Efficient Method Development of Small Interfering RNA by Reversed-Phase Ion-Pair Chromatograph

Significance of the Topic

Small interfering RNA (siRNA) has emerged as a key modality for gene silencing therapies, offering precise control over protein expression. Reliable separation of sense and antisense strands along with related impurities is critical for therapeutic efficacy, safety, and regulatory compliance.

Objectives and Study Overview

This work aimed to establish a rapid, robust reversed-phase ion-pair chromatography method for siRNA analysis. Using LabSolutions MD software, the study explored various ion-pair reagents, fluoroalcohol concentrations, column chemistries, and temperatures to identify optimal separation conditions.

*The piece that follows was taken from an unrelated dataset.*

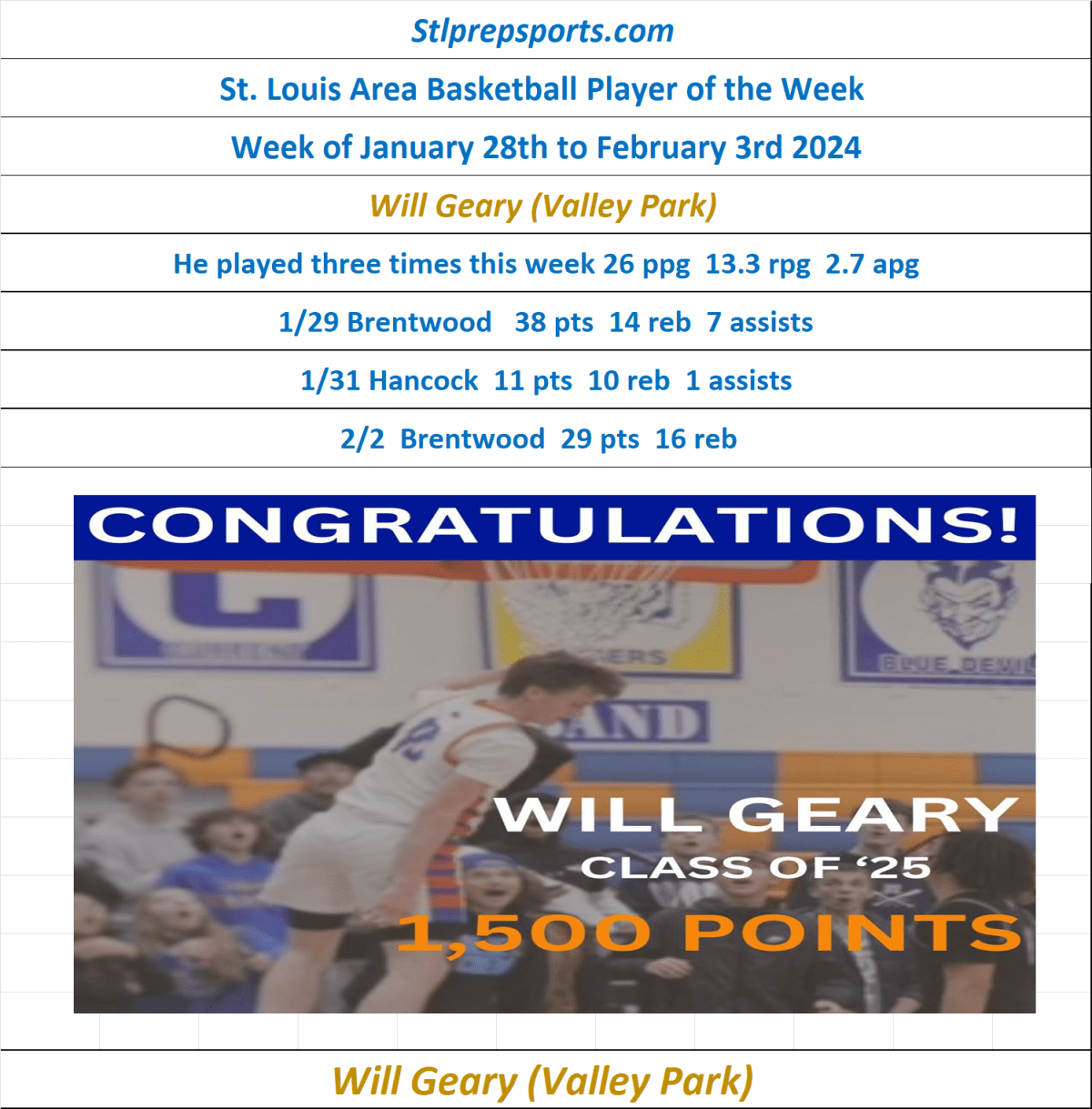 Stlprepsports.com’s St. Louis Area High School Basketball Player of the Week January 28th to February 3rd, 2024 Share this: Click to share on X (Opens in new window) X Click to share on Facebook (Opens in new window) Facebook Like Loading...
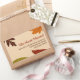 Orange, brown, dark red, and green fall leaves are on this moving announcement sticker. We Have Moved is above three lines of dark brown text. You can edit the text to show the correct name(s) and your new address.

Methodology and Instrumentation

The analytical approach employed denaturing ion-pair reversed-phase liquid chromatography. Key experimental variables included:

• Ion-pair reagents: triethylamine (TEA), diisopropylethylamine (DIPEA), dibutylamine (DBA)
• Fluoroalcohol (HFIP) levels: 100 and 200 mmol/L
• Column temperatures: 45, 55, and 65 °C
• Stationary phases: C18 (12 nm and 30 nm pores) and C4 (30 nm pores)

Instrumentation

An inert Nexera XS UHPLC system (Method Scouting configuration) was paired with Shim-pack Scepter Claris columns to prevent sample adsorption. Detection was performed at 260 nm using an inert‐cell UV detector.

Main Results and Discussion

DIPEA outperformed TEA and DBA in resolving sense/antisense strands and impurities. A fluoroalcohol concentration of 200 mmol/L HFIP provided slightly better peak separation. Design space mapping revealed that higher column temperatures combined with optimal DIPEA concentrations maximized resolution. Among tested columns, inert C18 phases delivered sharp peak shapes, while C4 exhibited distinctive selectivity for certain impurities.

Benefits and Practical Applications

The integration of LabSolutions MD streamlined method development by automating design‐of‐experiments and design-space evaluation. This workflow reduces manual effort and dependence on user expertise, ensuring reproducible high-resolution analysis for siRNA quality control and research applications.

Future Trends and Potential Applications

Continued advancements in automated method platforms and novel stationary phases will further accelerate oligonucleotide analysis. Coupling with high-resolution mass spectrometry and microfluidic chromatography could enhance sensitivity and throughput for complex therapeutic candidates.

Conclusion

By leveraging design space evaluation and advanced software tools, the optimized IP-RP LC method achieves efficient, reproducible separation of siRNA strands and impurities. This approach strengthens analytical robustness and expedites development timelines for oligonucleotide therapeutics.

Reference

1. Sean M. McCarthy, Martin Gilar, John Gebler; Analytical Biochemistry, Volume 390, Issue 2, 15 July 2009, Pages 181–188.